Content starts

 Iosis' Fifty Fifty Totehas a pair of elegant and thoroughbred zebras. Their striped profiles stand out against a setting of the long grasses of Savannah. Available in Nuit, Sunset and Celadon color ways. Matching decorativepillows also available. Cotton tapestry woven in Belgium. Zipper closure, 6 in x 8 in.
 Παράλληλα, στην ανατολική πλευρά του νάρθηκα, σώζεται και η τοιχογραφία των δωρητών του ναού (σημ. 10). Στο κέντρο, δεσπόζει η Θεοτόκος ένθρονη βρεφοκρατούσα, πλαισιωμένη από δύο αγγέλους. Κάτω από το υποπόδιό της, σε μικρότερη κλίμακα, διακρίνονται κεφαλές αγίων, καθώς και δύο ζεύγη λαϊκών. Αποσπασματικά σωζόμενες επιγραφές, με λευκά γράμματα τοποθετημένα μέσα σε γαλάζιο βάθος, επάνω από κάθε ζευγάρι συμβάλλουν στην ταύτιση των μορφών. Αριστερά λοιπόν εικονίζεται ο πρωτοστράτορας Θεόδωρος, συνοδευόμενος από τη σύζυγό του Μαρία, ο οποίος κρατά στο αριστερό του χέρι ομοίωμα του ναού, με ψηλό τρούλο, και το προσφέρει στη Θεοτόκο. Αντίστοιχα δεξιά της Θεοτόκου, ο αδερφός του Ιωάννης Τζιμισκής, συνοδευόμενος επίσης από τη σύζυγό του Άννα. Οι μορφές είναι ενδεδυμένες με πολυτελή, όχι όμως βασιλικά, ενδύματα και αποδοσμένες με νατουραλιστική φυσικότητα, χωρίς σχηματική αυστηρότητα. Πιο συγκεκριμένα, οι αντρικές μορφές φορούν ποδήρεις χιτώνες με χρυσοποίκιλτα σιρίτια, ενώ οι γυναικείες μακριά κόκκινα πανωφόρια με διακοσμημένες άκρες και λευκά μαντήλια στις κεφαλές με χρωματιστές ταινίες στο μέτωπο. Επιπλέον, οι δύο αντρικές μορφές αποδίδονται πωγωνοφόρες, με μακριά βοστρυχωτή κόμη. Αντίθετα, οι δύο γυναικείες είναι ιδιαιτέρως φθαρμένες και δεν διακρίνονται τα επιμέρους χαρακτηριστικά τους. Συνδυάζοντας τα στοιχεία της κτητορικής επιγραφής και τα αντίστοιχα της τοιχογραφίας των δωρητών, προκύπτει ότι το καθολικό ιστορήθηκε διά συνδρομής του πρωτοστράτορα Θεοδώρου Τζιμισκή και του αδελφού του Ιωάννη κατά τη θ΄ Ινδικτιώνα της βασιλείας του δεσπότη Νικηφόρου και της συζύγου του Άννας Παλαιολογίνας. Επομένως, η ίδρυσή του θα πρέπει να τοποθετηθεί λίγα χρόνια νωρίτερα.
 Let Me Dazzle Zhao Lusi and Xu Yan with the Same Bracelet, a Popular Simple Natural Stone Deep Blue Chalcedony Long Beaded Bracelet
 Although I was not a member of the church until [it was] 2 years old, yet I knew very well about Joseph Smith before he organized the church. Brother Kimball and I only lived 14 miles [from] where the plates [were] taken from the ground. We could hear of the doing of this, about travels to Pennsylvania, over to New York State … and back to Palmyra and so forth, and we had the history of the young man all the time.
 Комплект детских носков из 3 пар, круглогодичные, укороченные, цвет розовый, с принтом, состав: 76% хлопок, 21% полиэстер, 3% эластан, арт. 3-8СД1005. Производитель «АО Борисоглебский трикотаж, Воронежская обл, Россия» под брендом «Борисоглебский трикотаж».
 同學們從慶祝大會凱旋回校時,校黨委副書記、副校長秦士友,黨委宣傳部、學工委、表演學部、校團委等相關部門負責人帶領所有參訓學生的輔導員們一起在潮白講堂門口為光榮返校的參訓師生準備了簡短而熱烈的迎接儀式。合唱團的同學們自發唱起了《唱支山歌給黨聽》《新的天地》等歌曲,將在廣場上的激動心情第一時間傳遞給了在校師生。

Content ends
Content starts

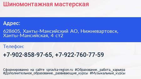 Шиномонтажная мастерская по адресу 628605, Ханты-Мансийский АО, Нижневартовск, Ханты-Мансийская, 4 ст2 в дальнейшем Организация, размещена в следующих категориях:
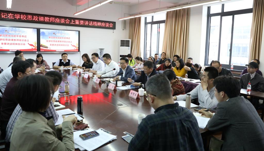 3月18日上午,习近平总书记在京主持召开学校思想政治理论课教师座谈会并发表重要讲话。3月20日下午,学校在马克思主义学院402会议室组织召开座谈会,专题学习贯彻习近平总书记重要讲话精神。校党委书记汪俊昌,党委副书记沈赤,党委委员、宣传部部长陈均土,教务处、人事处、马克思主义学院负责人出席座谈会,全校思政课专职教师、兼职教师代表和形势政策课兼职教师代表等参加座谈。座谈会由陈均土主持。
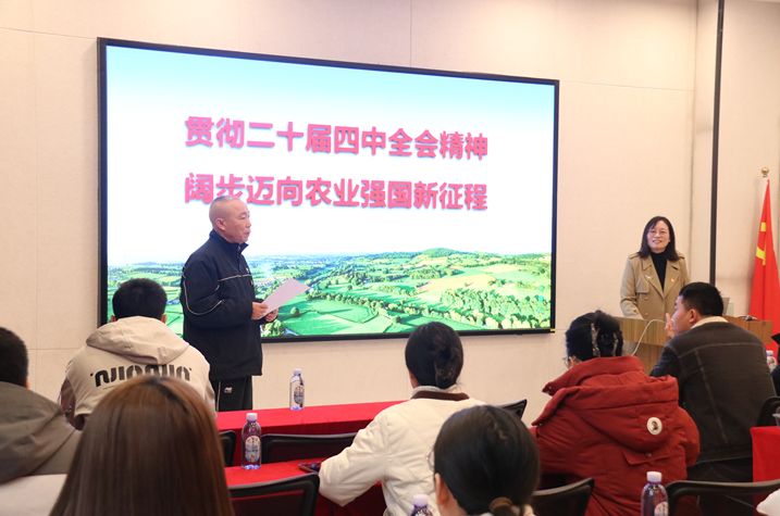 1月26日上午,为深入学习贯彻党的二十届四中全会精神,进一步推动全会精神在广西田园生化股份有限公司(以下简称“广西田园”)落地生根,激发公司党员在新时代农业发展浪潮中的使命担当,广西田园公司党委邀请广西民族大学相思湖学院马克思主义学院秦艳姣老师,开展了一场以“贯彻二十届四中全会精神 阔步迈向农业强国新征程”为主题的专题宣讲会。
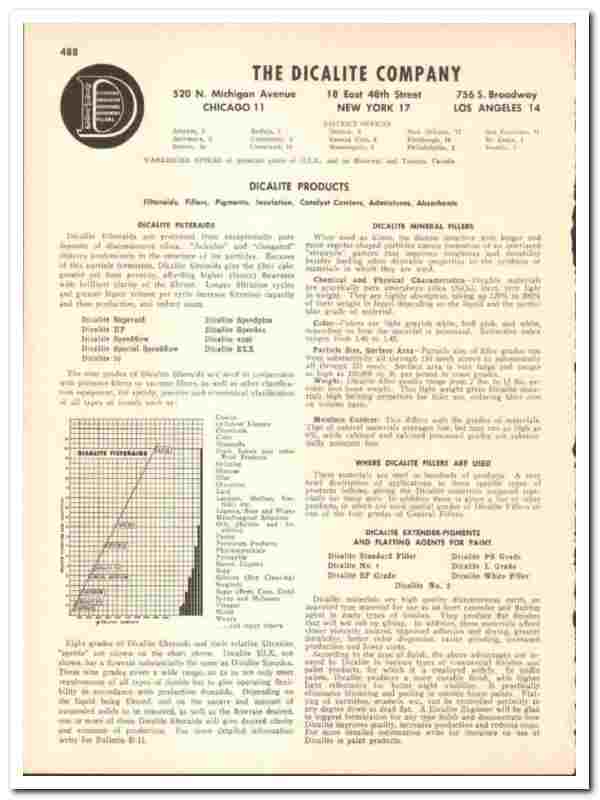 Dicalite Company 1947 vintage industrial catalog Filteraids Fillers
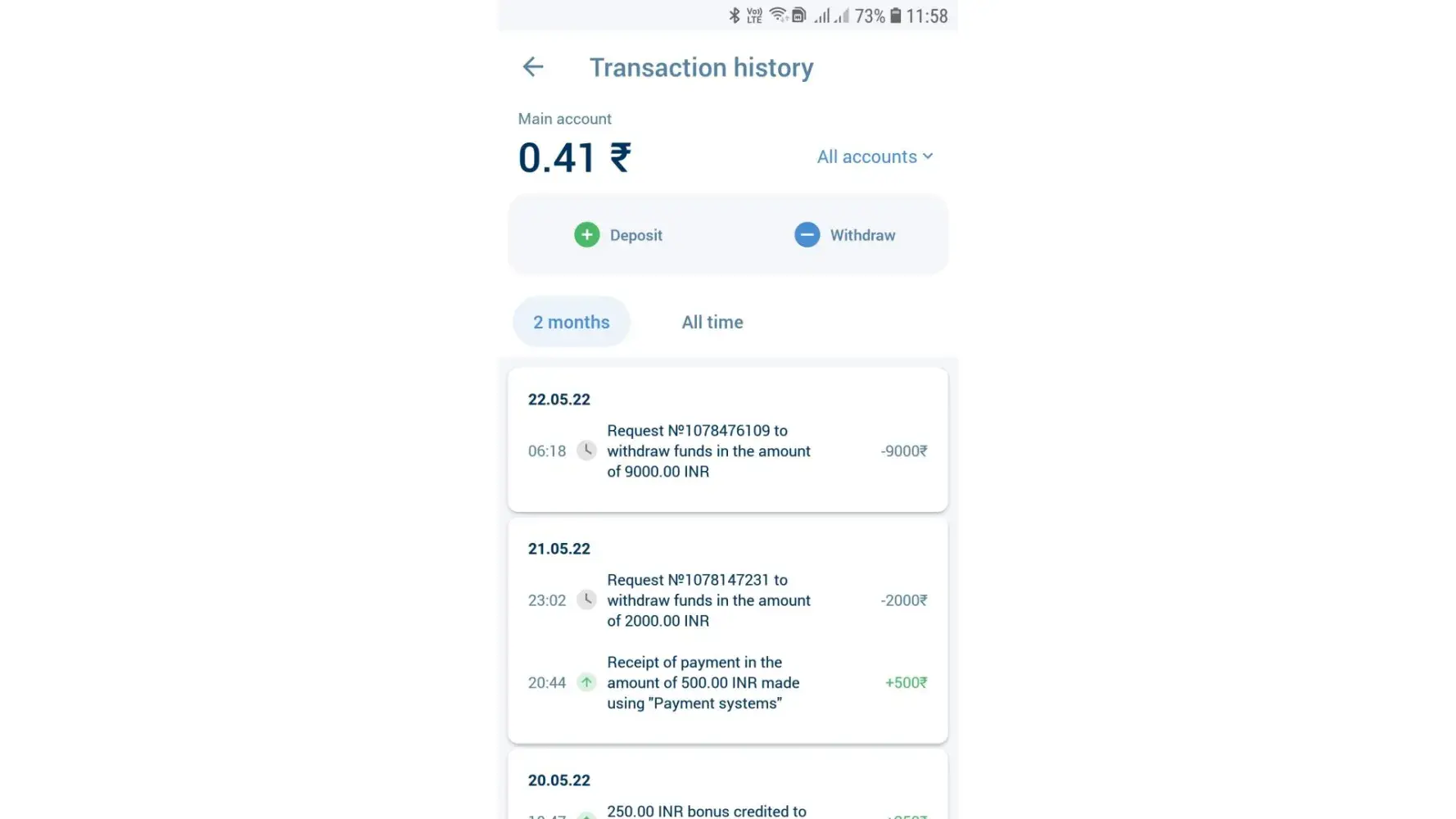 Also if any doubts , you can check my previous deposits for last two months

Content ends

Problem details >>
Take exactly the lines from the one containing "Let Me Dazzle" through the one containing "同學們從慶祝大會凱旋回校時,校黨委副書記" in the data above, and output them with nothing added.

Result for this exercise >>
 Let Me Dazzle Zhao Lusi and Xu Yan with the Same Bracelet, a Popular Simple Natural Stone Deep Blue Chalcedony Long Beaded Bracelet
 Although I was not a member of the church until [it was] 2 years old, yet I knew very well about Joseph Smith before he organized the church. Brother Kimball and I only lived 14 miles [from] where the plates [were] taken from the ground. We could hear of the doing of this, about travels to Pennsylvania, over to New York State … and back to Palmyra and so forth, and we had the history of the young man all the time.
 Комплект детских носков из 3 пар, круглогодичные, укороченные, цвет розовый, с принтом, состав: 76% хлопок, 21% полиэстер, 3% эластан, арт. 3-8СД1005. Производитель «АО Борисоглебский трикотаж, Воронежская обл, Россия» под брендом «Борисоглебский трикотаж».
 同學們從慶祝大會凱旋回校時,校黨委副書記、副校長秦士友,黨委宣傳部、學工委、表演學部、校團委等相關部門負責人帶領所有參訓學生的輔導員們一起在潮白講堂門口為光榮返校的參訓師生準備了簡短而熱烈的迎接儀式。合唱團的同學們自發唱起了《唱支山歌給黨聽》《新的天地》等歌曲,將在廣場上的激動心情第一時間傳遞給了在校師生。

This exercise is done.